The needed output is the run of lines below from the one containing "סלון ופינת אוכל מוארים באור טבעי" through the one containing "高雄市長陳菊與大學校長第9次", copied exactly and free of pictures.

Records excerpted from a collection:
————————
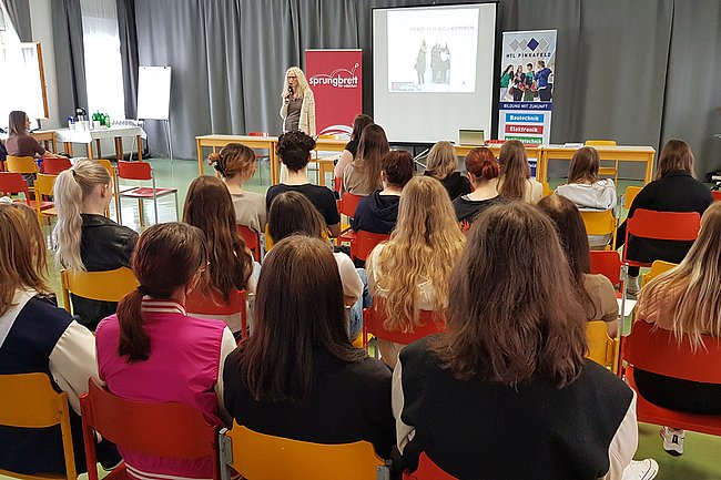 Ingrid Puschautz-Meidl von der Industriellenvereinigung Burgenland und BSc Antonia Schmid von FIT Sprungbrett hielt FIT-Botschafterin Kathrin Neuherz, selbst Absolventin der HTL Pinkafeld, die Eröffnungsrede und informierte über die Informationsmöglichkeiten durch FIT Sprungbrett. Weiters fand sie ermutigende Worte an die anwesenden HTL-Schülerinnen der 3. und 4. Jahrgänge aller vier Abteilungen, auch nach Abschluss der HTL Weiterbildungsmöglichkeiten im MINT Bereich in Angriff zu nehmen und in der Technik zu bleiben.
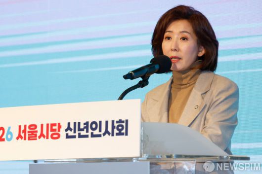 [서울=뉴스핌] 류기찬 기자 = 나경원 국민의힘 의원이 14일 오전 서울 여의도 중소기업중앙회 KBIZ홀에서 열린 2026 국민의힘 서울시당 신년인사회에서 신년사를 하고 있다. 2026.01.14 ryuchan0925@newspim.com
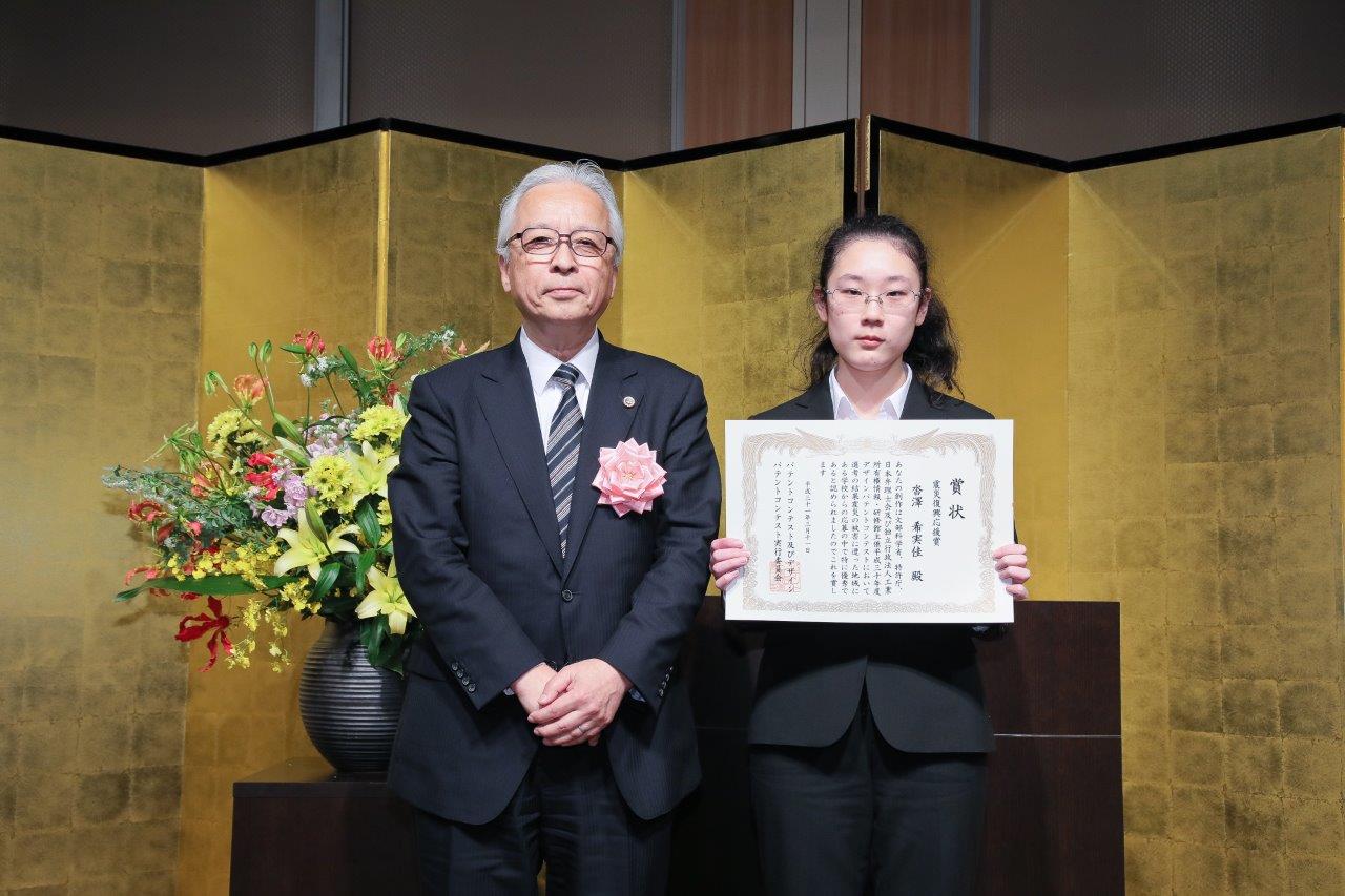 出願支援対象者の中から選ばれる主催者賞のうち、日本弁理士会会長賞は、東京工業大学附属科学技術高等学校の早川宙良さん(パテントコンテスト)、福岡市立博多工業高等学校の中原未裕さん(デザインパテントコンテスト)が受賞した。
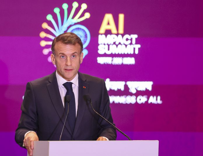 **EDS: THIRD PARTY IMAGE** In this image received on Feb. 19, 2026, France President Emmanuel Macron addresses the gathering during the India AI Impact Summit 2026, in New Delhi. (PMO via PTI Photo)(PTI02_19_2026_000218B)
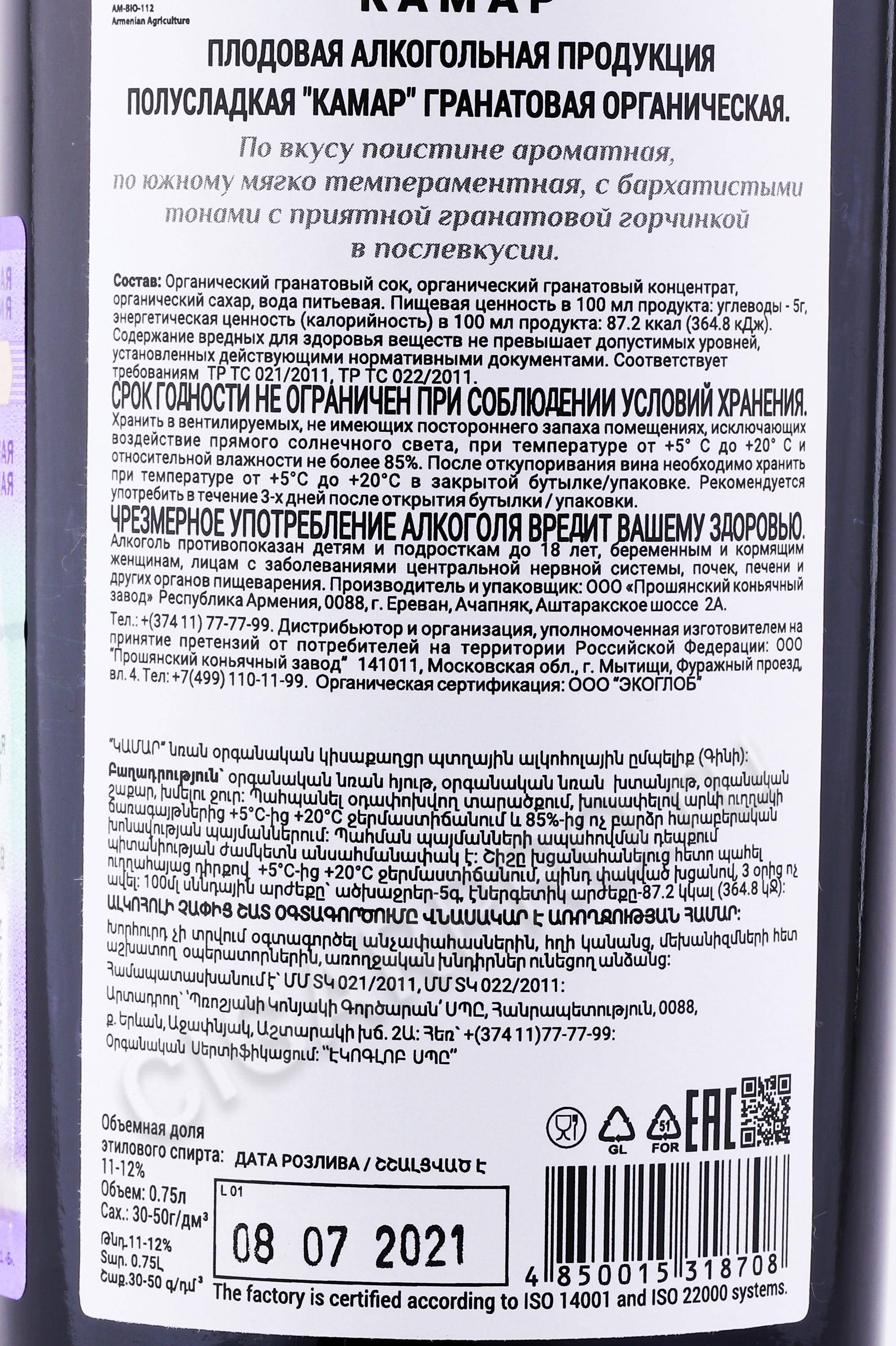 Kamar Pomegranate Organic Вино Камар органическое гранатовое Красное сухое 0.75л
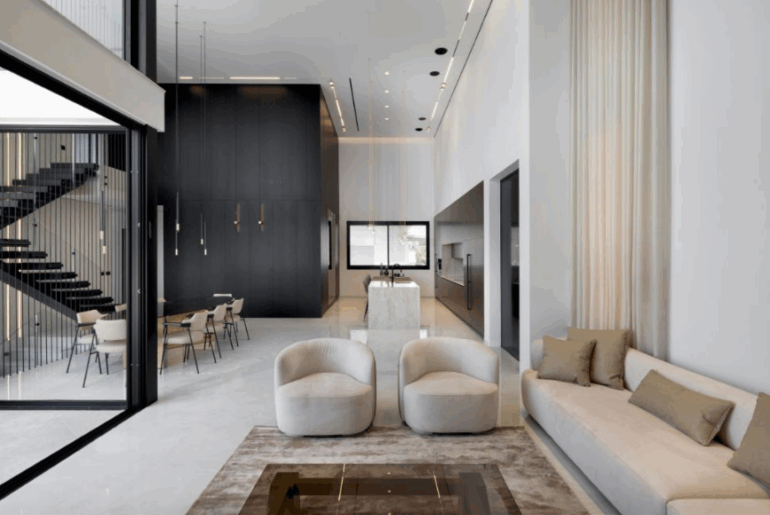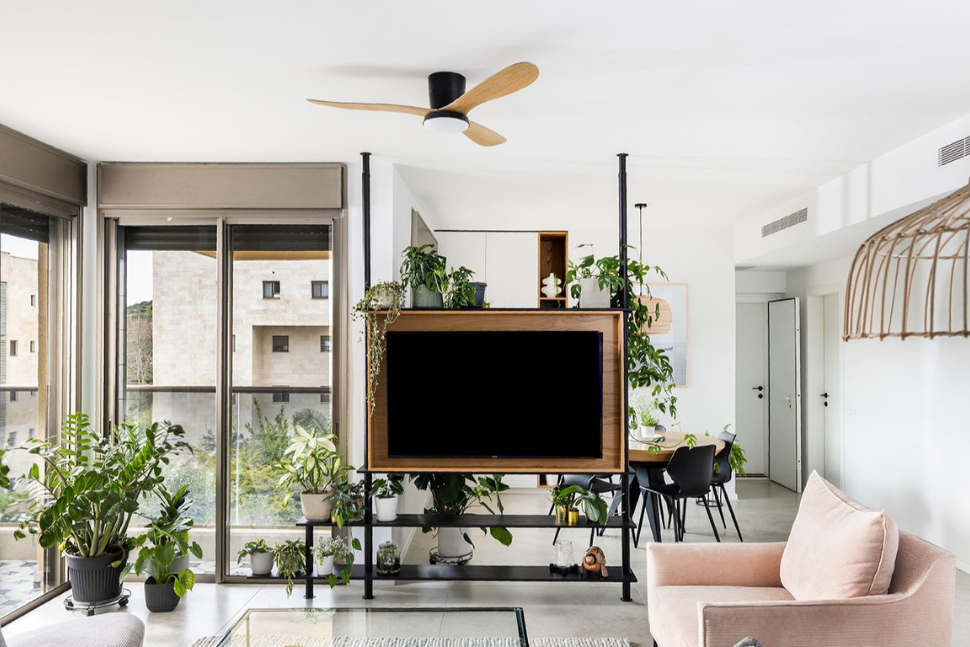 סלון ופינת אוכל מוארים באור טבעי
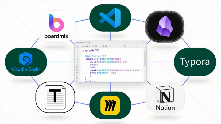 它的跨平台能力也相当出色。写好的Mermaid代码能在VS Code、Obsidian、Typora、boardmix、Miro、Notion等几十个工具里无缝使用。程序员在IDE里画的架构图,产品经理能直接在项目管理工具里看到,设计师也能往设计文档里引用,大家用的是同一套图表语言,沟通自然就顺畅了。
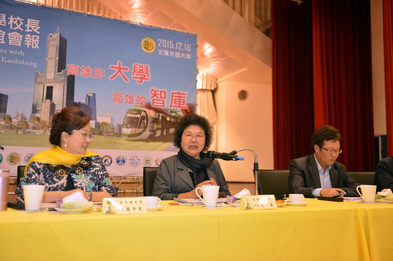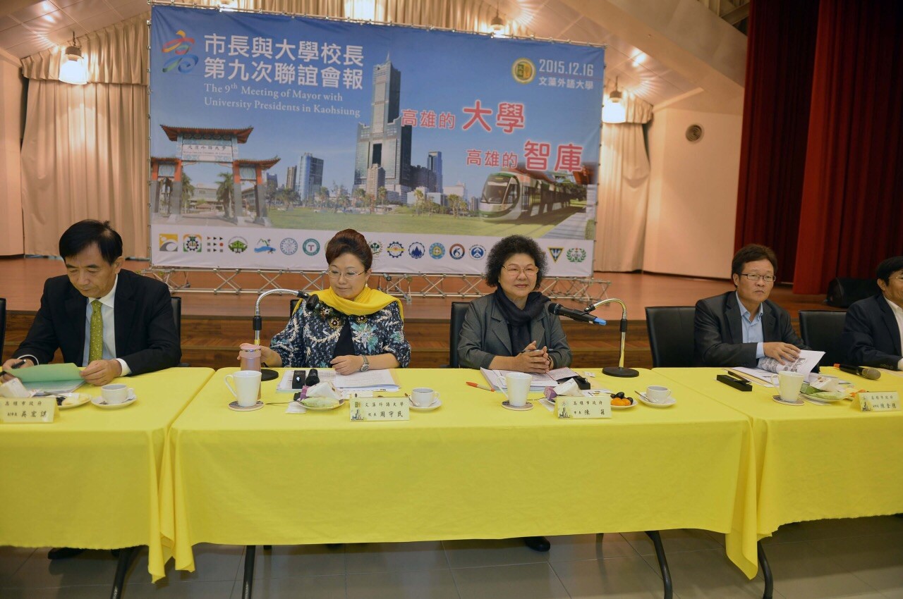 高雄市長陳菊與大學校長第9次會議今(16)日下午於文藻外語大學舉行,會中熱烈討論電子商務及智慧城市,希望藉由市府與高雄地區大學合作,帶動產業轉型發展,加速城市的升級。
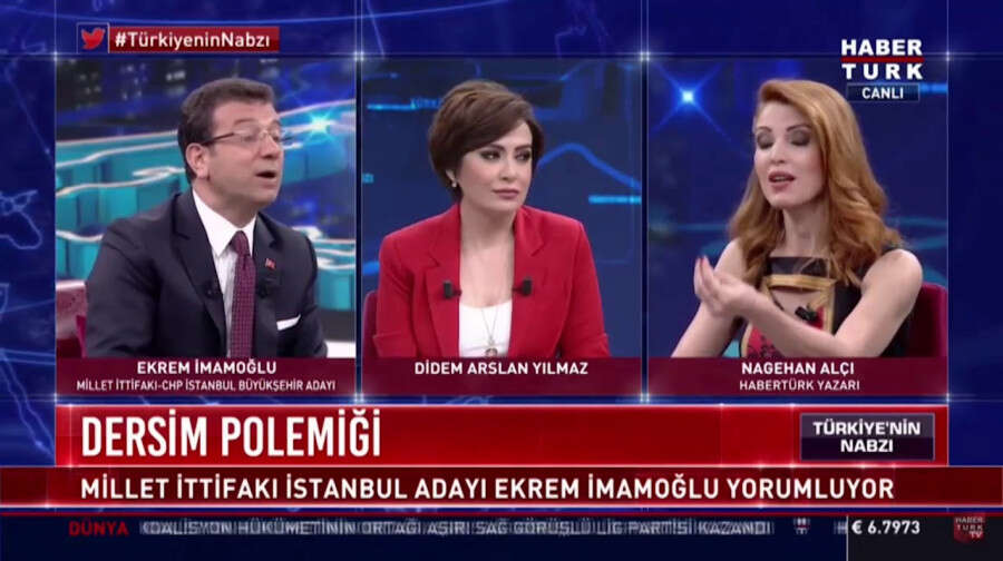 HaberTürk'te yayınlanan programın konuğu olan Ekrem İmamoğlu'na gazeteci Nagehan Alçı'nın sorduğu, "Devletle Abdullah Öcalan'ın görüşmesine olumlu bakar mısınız", "Kürt ve Alevi katliamı olan Dersim katliamı konusunda ne düşünüyorsunuz", "Abdullah Öcalan'ın avukatlarıyla görüşme kararına ne diyorsunuz?" gibi sorular, sosyal medyada büyük tepki çekti.
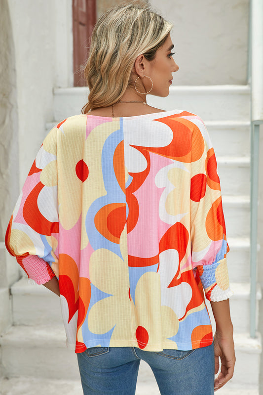 Yellow Colorful Floral Print Ribbed Dolman Blouse
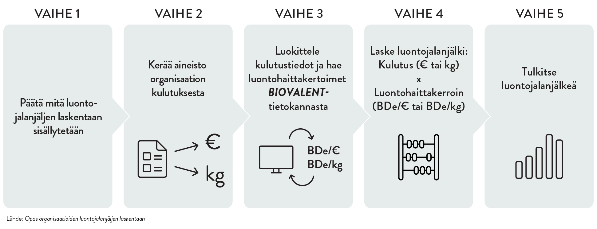 Vaihe 1: Päätä, mitä luontojalanjäljen laskentaan sisällytetään
————————
Solution:
 סלון ופינת אוכל מוארים באור טבעי
 它的跨平台能力也相当出色。写好的Mermaid代码能在VS Code、Obsidian、Typora、boardmix、Miro、Notion等几十个工具里无缝使用。程序员在IDE里画的架构图,产品经理能直接在项目管理工具里看到,设计师也能往设计文档里引用,大家用的是同一套图表语言,沟通自然就顺畅了。
 高雄市長陳菊與大學校長第9次會議今(16)日下午於文藻外語大學舉行,會中熱烈討論電子商務及智慧城市,希望藉由市府與高雄地區大學合作,帶動產業轉型發展,加速城市的升級。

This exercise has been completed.